堂々とセーフティーボックスを開けて抜き取ります

 このトラブルが起きてしまうことを想定して・・

  • 入っている金額を紙に書いて入れておく

  • デジカメで入っているお金を撮影しておく

 このような対策が必要です。

 なんらかの対策をやっておかないと、ホテル側の言い分(お客さんの勘違いだろうという憶測)が正論のようになってしまいます。

お客さんの勘違いと思われないようにする方法

お客さんの勘違いと思われないようにする方法

 そしてもう一つ、フロントなどスタッフの目の前で貴重品を預けるホテルであるなら、この問題を回避する確実な方法の1つに・・

「預り証」を取っておく

 この対策があります。

 複数のスタッフが見ている中で預けるようにしますが、その時に封筒に入れるお金を数えて「現金の枚数と金額」、そして同時に預ける貴重品を「預り証」に買いてもらいます。

 この「預り証」と、預ける際に自分で撮影したデジカメ写真の両方があれば、確実にホテル側の憶測「お客さんの勘違い:最初から入ってなかったのでは?」について否定できます。

金庫から現金が抜かれた場合の対策

セーフティーボックスの問題 現金が抜かれた場合とは

 現金が減少していることが確認できたら、すぐにホテル支配人に連絡を取って対応策を迫ります。そして・・

POINTホテルに設置している監視カメラの映像をチェック

 これを依頼します。

 ホテル側が期待したような対策をやってくれない時には、警察を呼んで被害届を出すようにします。

 ホテル側は警察沙汰になってしまうことを避けようとするかもしれませんが、無くなった貴重品を取り戻すには「警察」の力を借りることもやるべきです。

ホテルの金庫が開かない なぜかエラーのとき

ホテルの金庫が開かない なぜかエラーとなる場合の対処とは

 海外のホテルでセーフティーボックスが開かなくなったときには(試行錯誤してあきらめたなら)、フロントに連絡します。そして・・

セキュリティー担当者に開けてもらいます

 ホテル内の専門スタッフが来てくれる、または他の業者へ作業を依頼するホテルであるときには、他社のスタッフが到着するまで何時間も待たされることがあります。ただし・・

POINT中に入れているパスポートが取れずに帰れない

 このような 帰国する日程がずれ込むほど大変な事態になることは無いはずです。

フロントスタッフが金庫を開ける・リセット

フロントスタッフが金庫を開けるとき、暗証番号のロック解除とは

 もう一つのパターンは、フロントへ連絡するとホテルスタッフが部屋に到着、そして・・

POINTものの数分で、ロック解除の装置をつなぎ解錠・リセット

 こんなパターンもあります。電子ロックタイプの場合は 端末を持ってきてセーフティーボックスへケーブルを差し込み、必要な情報を入力するとリセット作業がすぐに完了します。

 待たされずに開錠してもらえるので助かりますが、ホテルのスタッフなら簡単に開錠できることが分かってしまうため セーフティーボックスの安全性が気になります。

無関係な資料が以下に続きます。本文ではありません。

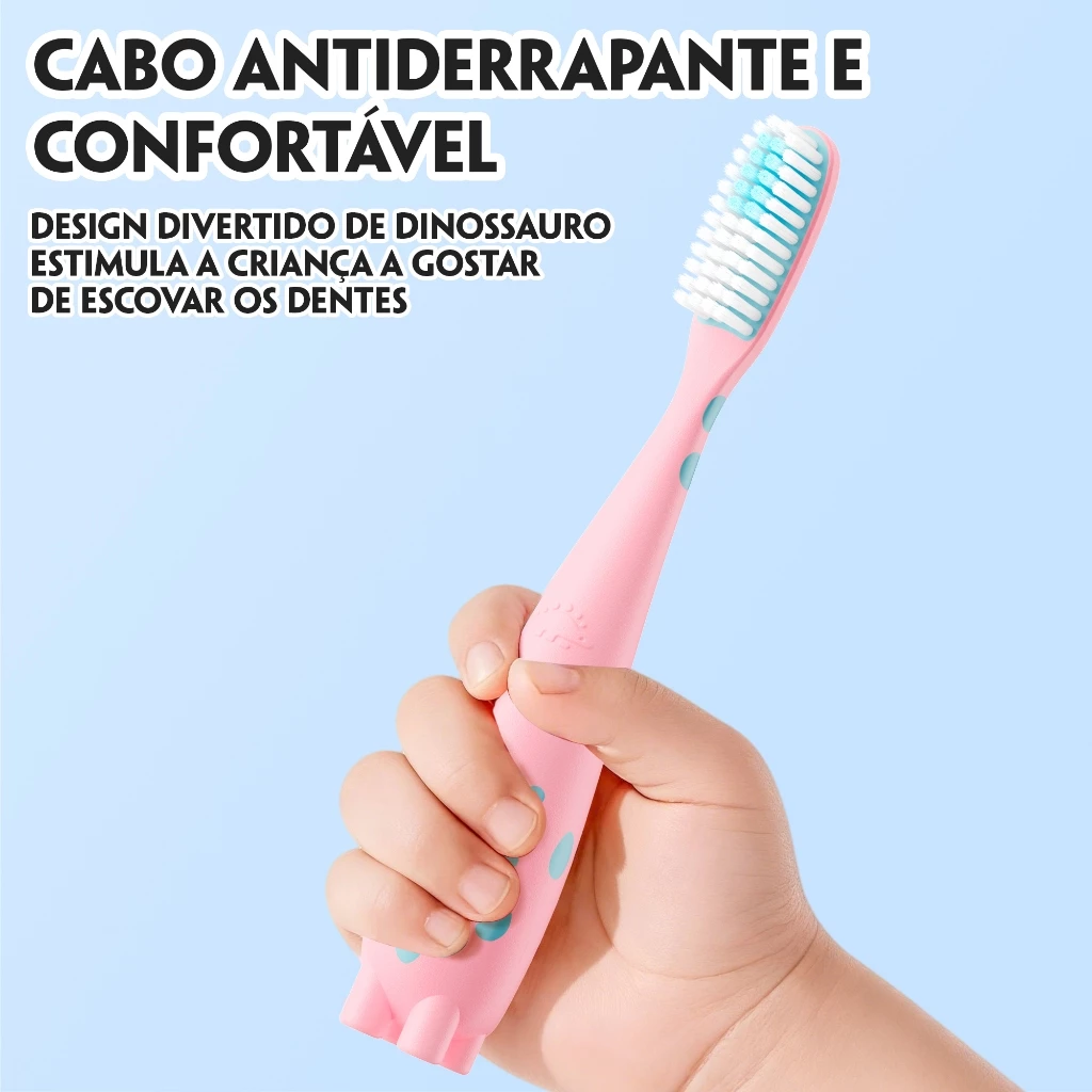 Seu grande diferencial começa pelo design em formato de dinossauro, pensado para encantar e estimular o interesse da criança. O visual lúdico faz com que ela tenha mais vontade de escovar os dentes, tornando o processo mais natural e menos resistente. O cabo ergonômico e antiderrapante foi projetado para se encaixar confortavelmente nas pequenas mãos, oferecendo firmeza e segurança durante o uso.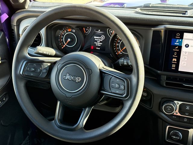2026 Jeep Wrangler Sport 2D Sport Utility reign 4WD 8-Speed Automatic 2.0L I4 DOHC This vehicle comes well equipped with Quick Order Package 22B Sport, Wrangler Sport, 2D Sport Utility, 2.0L I4 DOHC, 4WD, reign, and Black Cloth Quick Order Package 22B Sport, Wrangler Sport, 2D Sport Utility, 2.0L I4 DOHC, 4WD, reign, Black Cloth, 12.3" Touchscreen Display, 3.45 Overall Top Gear Ratio, 4-Wheel Disc Brakes, 4G LTE Wi-Fi Hot Spot, 8 Speakers, ABS brakes, Air Conditioning, AM/FM radio: SiriusXM with 360L, Apple CarPlay, Apple CarPlay/Android Auto, Aux Battery, Black 3-Piece Hard Top, Brake assist, Cloth Low-Back Bucket Seats, Compass, Connectivity - US/Canada, Deep Tint Sunscreen Windows, Delay-off headlights, Driver door bin, Driver vanity mirror, Dual front impact airbags, Dual front side impact airbags, Electronic Stability Control, For More Info, Call 800-643-2112, Freedom Panel Storage Bag, Front anti-roll bar, Front Bucket Seats, Front Center Armrest w/Storage, Front fog lights, Front reading lights, Google Android Auto, Illuminated entry, Integrated Center Stack Radio, Integrated roll-over protection, Low tire pressure warning, MOPAR All-Weather Floor Mats, Non-Lock Fuel Cap Without Discriminator, Normal Duty Suspension, Occupant sensing airbag, Outside temperature display, Overhead airbag, Panic alarm, ParkView Rear Back-Up Camera, Passenger door bin, Passenger vanity mirror, Power steering, Power windows, Radio data system, Radio: Uconnect 5 with 12.3" Display, Rear anti-roll bar, Rear reading lights, Rear Window Defroster, Rear Window Wiper/Washer, Remote keyless entry, SiriusXM Radio Service, SiriusXM with 360L, Speed control, Steering wheel mounted audio controls, Stop-Start Dual Battery System, Tachometer, Telescoping steering wheel, Tilt steering wheel, Traction control, Trip computer, Variably intermittent wipers, Wheels: 17" x 7.5" Black Steel Styled, and Wheels: 17" x 7.5" Gray.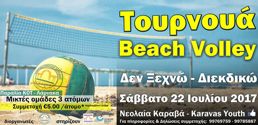 Summer Volley Beach Tournament Σάββατο 22 Ιουλίου 2017, στις 10:00, Παραλία Φοινικούδων Λάρνακα English follows – Greek…Διαβάστε περισσοτερα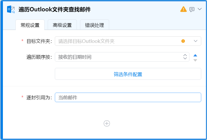 | 目标文件夹 | 要进行遍历的邮箱文件夹,支持Outlook邮箱账户对象、自定义表达式两种输入方式。 |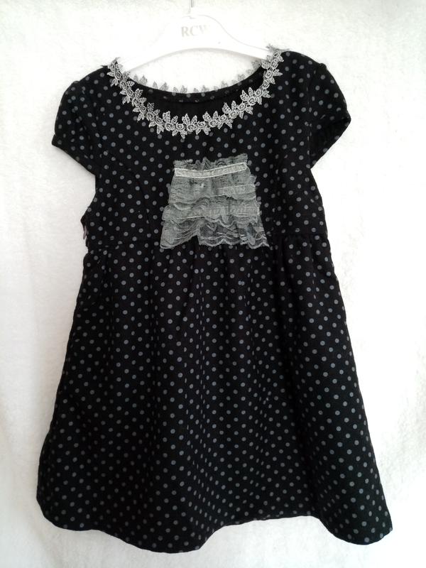 Тепленьке дитяче плаття - сарафанчик, чорного кольору в горошок Довжина 58 см Приблизний вік 3-5 роки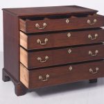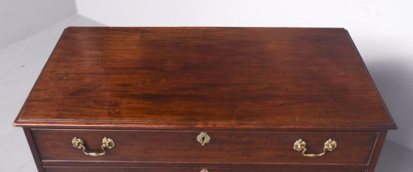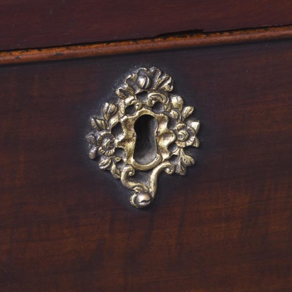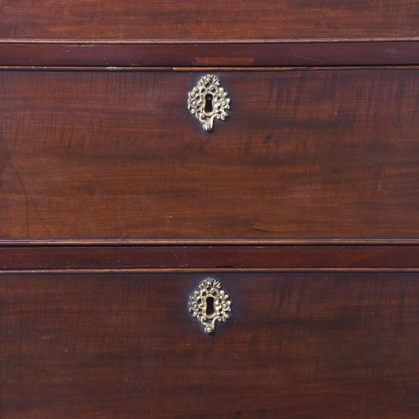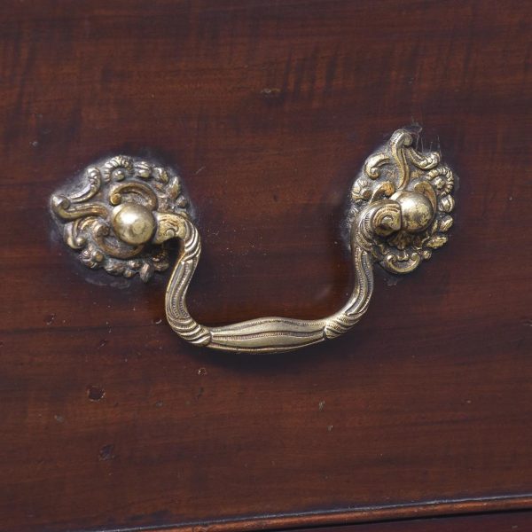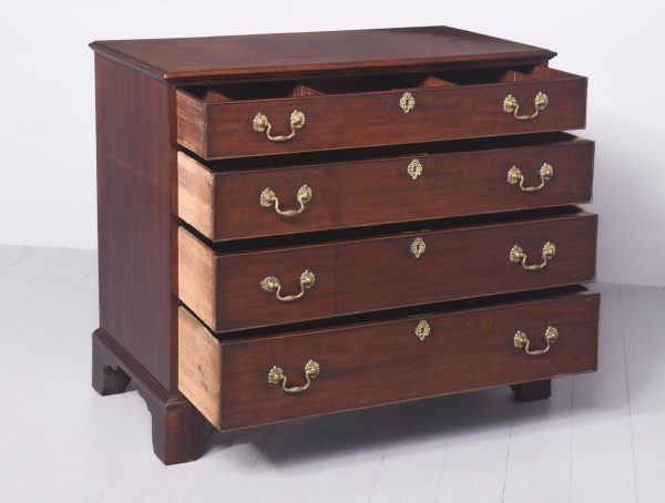 Circa 1770. A good quality mid George III mahogany chest of drawers. The ‘Dumfries House’stylechest with well figured mahogany top and moulded fore-edge, the front with a configuration of four full length graduating drawers, each with pierced and gilded escutcheons and gilded and cast swanneck handles with elegant rococo back-plates, beneath the bottom drawer there is further mouldings and the chest rests on four chunky bracket feet.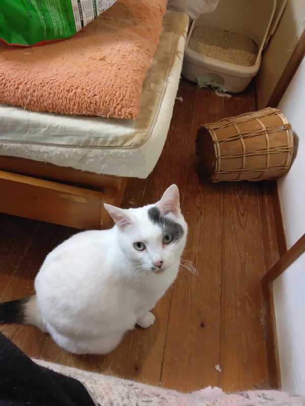 | 特徴(性格など) | 猫ちゃんの特徴ですが 色は、白猫ですが、ワンポイント黒いぶちがあり、これがまた可愛らしいです。 メスで5歳(2018年に救助したのですが、ペット医療センターの先生の推定では2018年5月生まれです) 避妊手術済みで、予防接種もしています。 高槻の震災の時に、雨に濡れぐったりした赤ちゃん猫でしたが救いました。 ペット病院にかかり、風邪も治してもらい、外には出せないので ずっと家の中で飼っていました。 今も外には出しておらず、室内の環境で育っています。 (外での放し飼いは無理です。猫社会のことは全く経験ありません) 鳴き声は上品で小さいのですが、これは最初からの性格のようで、 ご機嫌な時も、何かを話しかける時も、小さな声で、「シャイな女の子」という感じです。 また、とても人なつっこく、「おいで」と言ったら私の膝や肩の上に乗ってくれます。 私と家内以外は人とは会っていませんが、予防接種などでペット病院に連れて行った時も、看護師さんになついていたので、人を怖がっていないと思います。 ドライフードで育てており(「ネコ元気」ですが、特にこだわりはなく食べてくれます)よく食べてくれて、体格や毛並みもしっかりしています。 病気もせず、5年間元気に育っています。 トイレは、砂タイプの市販のものを使っており、お行儀もいいです。 |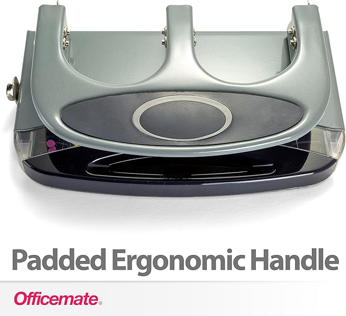 - Heavy-duty, three-hole punch with chip drawer and a padded ergonomic handle for high-volume punching needs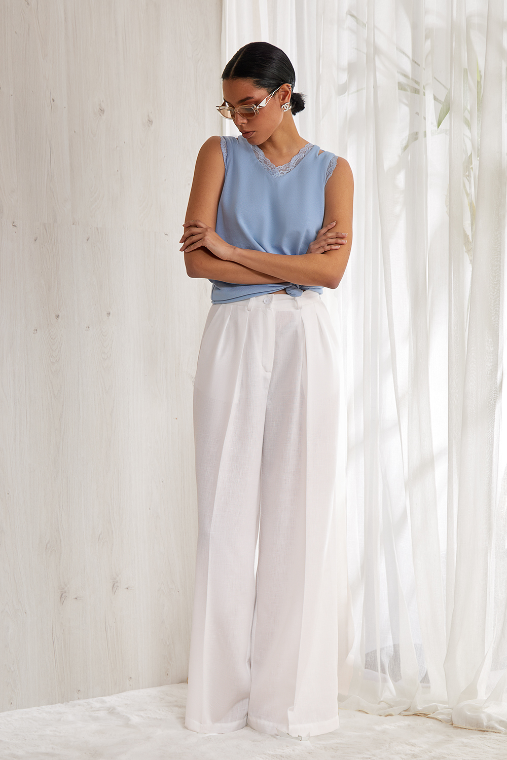 Блуза выполнена из трикотажного полотна. Прямой силуэт. V-образная горловина. Фигурные вырезы по плечевому шву. По горловине и по пройме вставлено кружево. Спинка прямая.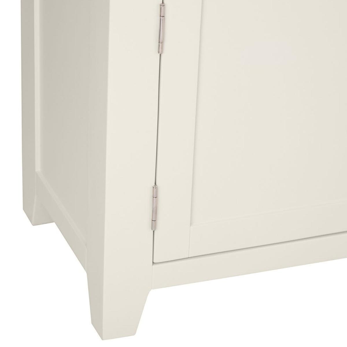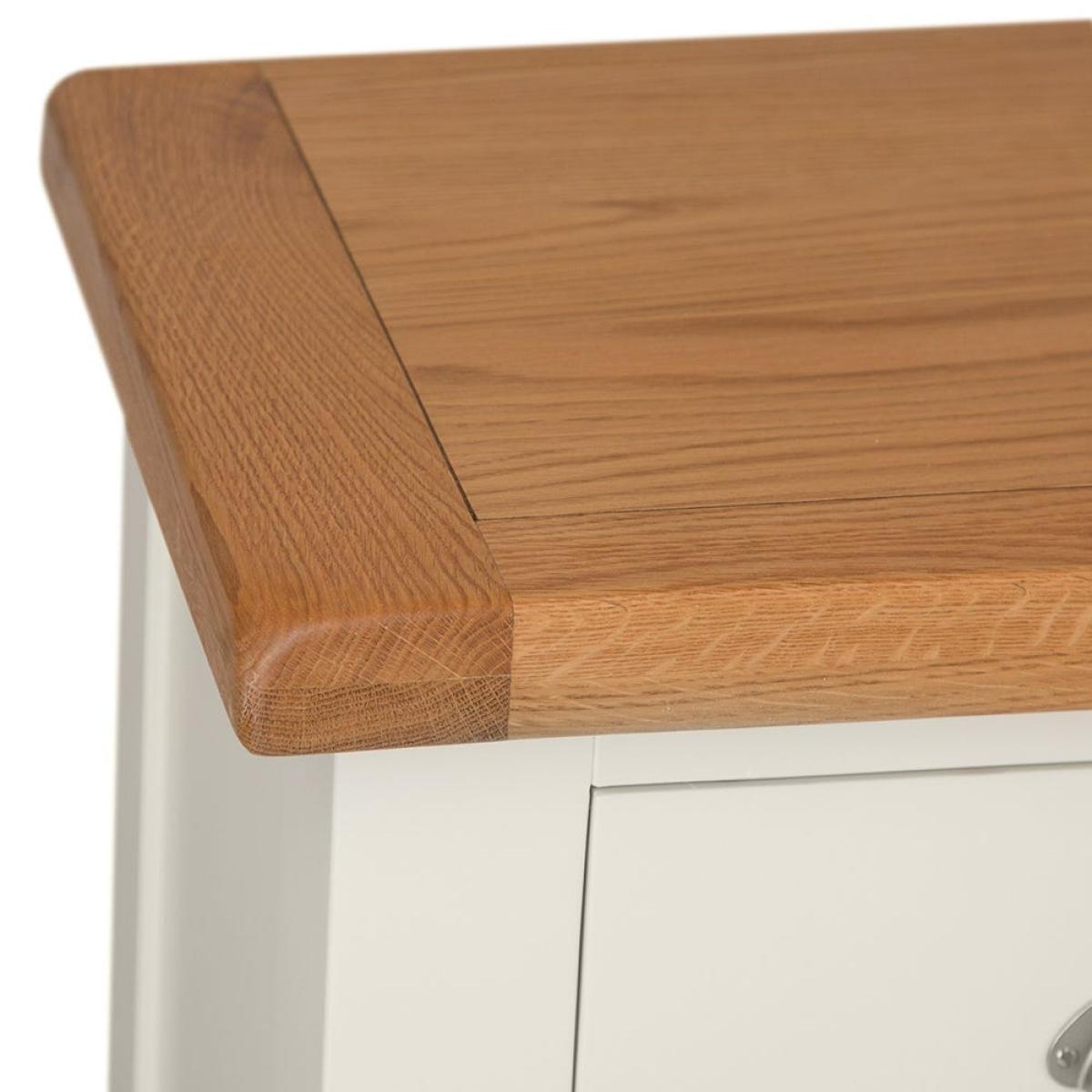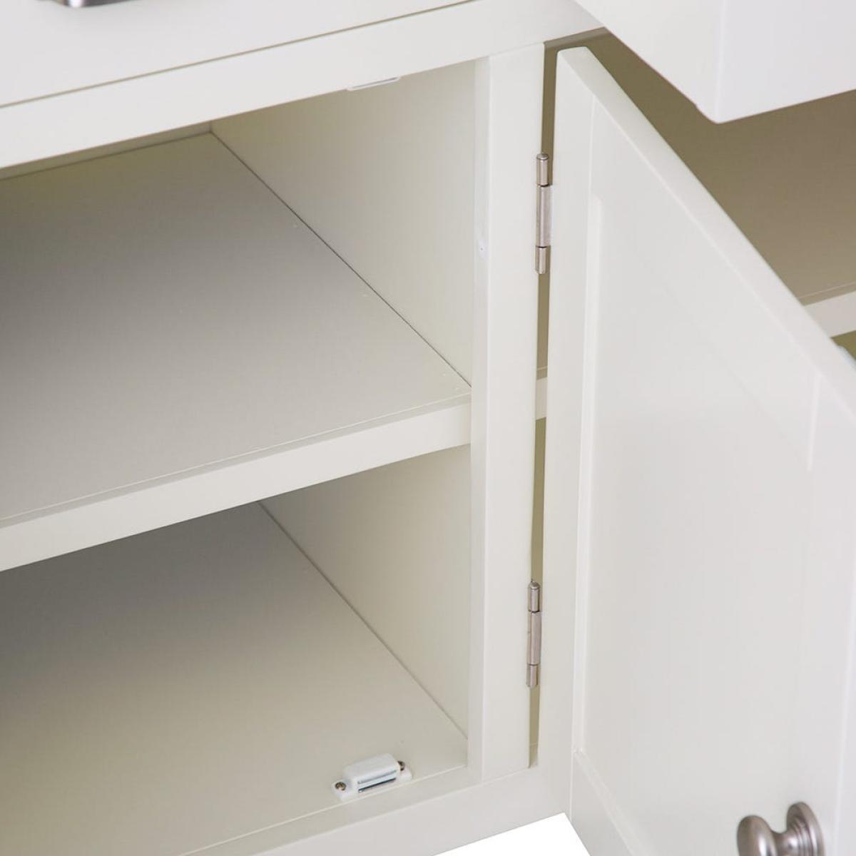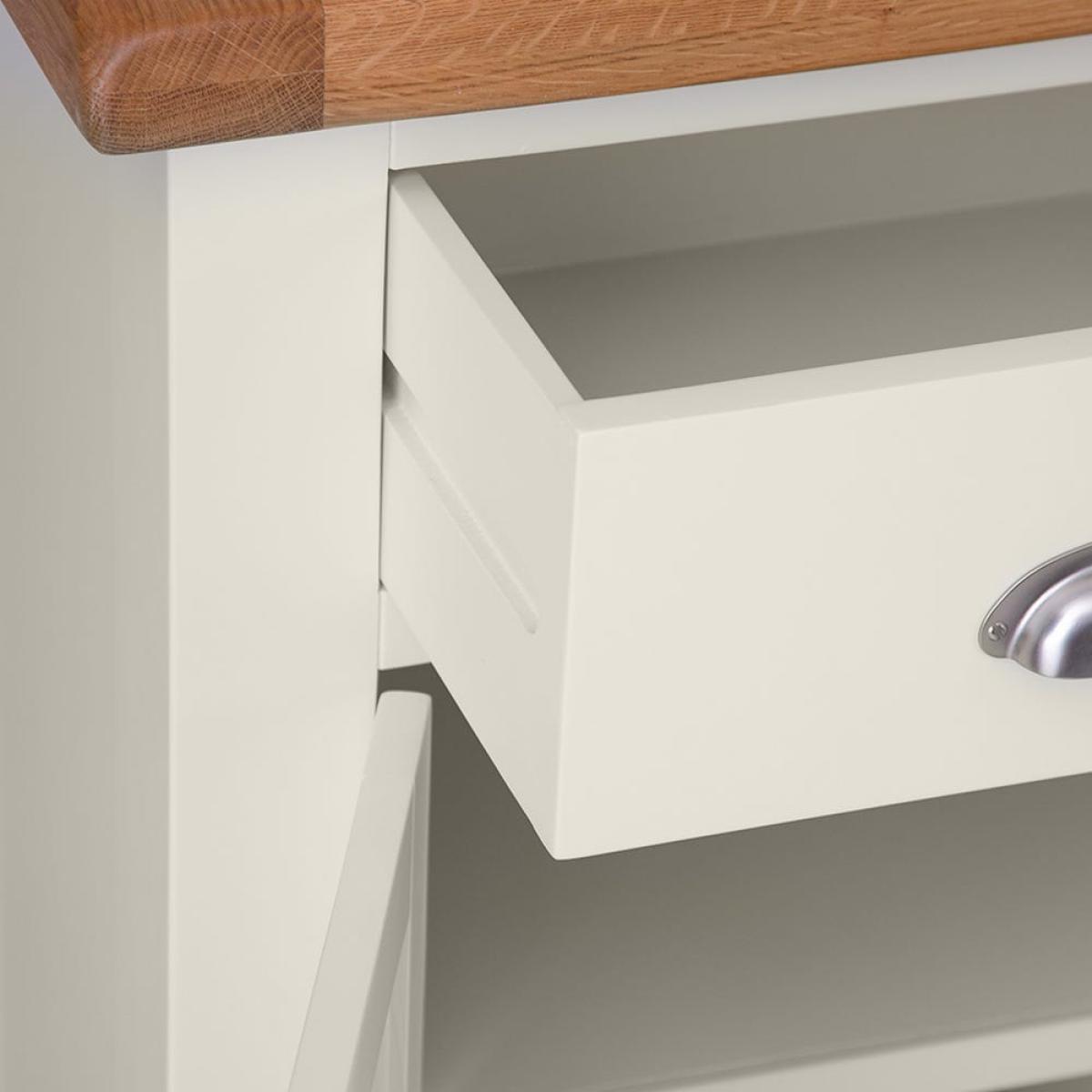 This Hampshire ivory painted oak 4-door extra large sideboard delivers on both space and style. The natural oak top is ideal for serving up food and stacking plates, and the cupboards, each containing a pair of shelves, have plenty of room for crockery and dishes. Three spacious drawers can hold table linens, placemats and cutlery, and feature eye-catching chrome cup handles for easy opening. Finished in our sophisticated ivory, this versatile piece also makes an ideal all-purpose storage unit in any space. Keep it in the living room for games and books, or in a bedroom for clothes and accessories.

まとめ:セーフティボックスとは エラー 金庫が開かない

 セーフティーボックスを利用して大丈夫なのか?という話がでるとき、ほとんどの方は「問題無い」と答えるはずです。しかし、グレードの高いホテルであったとしても従業員が窃盗グループを手伝っているなら・・

簡単に抜き取ることができます

 「五つ星ホテルだから大丈夫」という考えが正しくないかもしれないことも念頭において、セキュリティー対策を考えいていくべきです。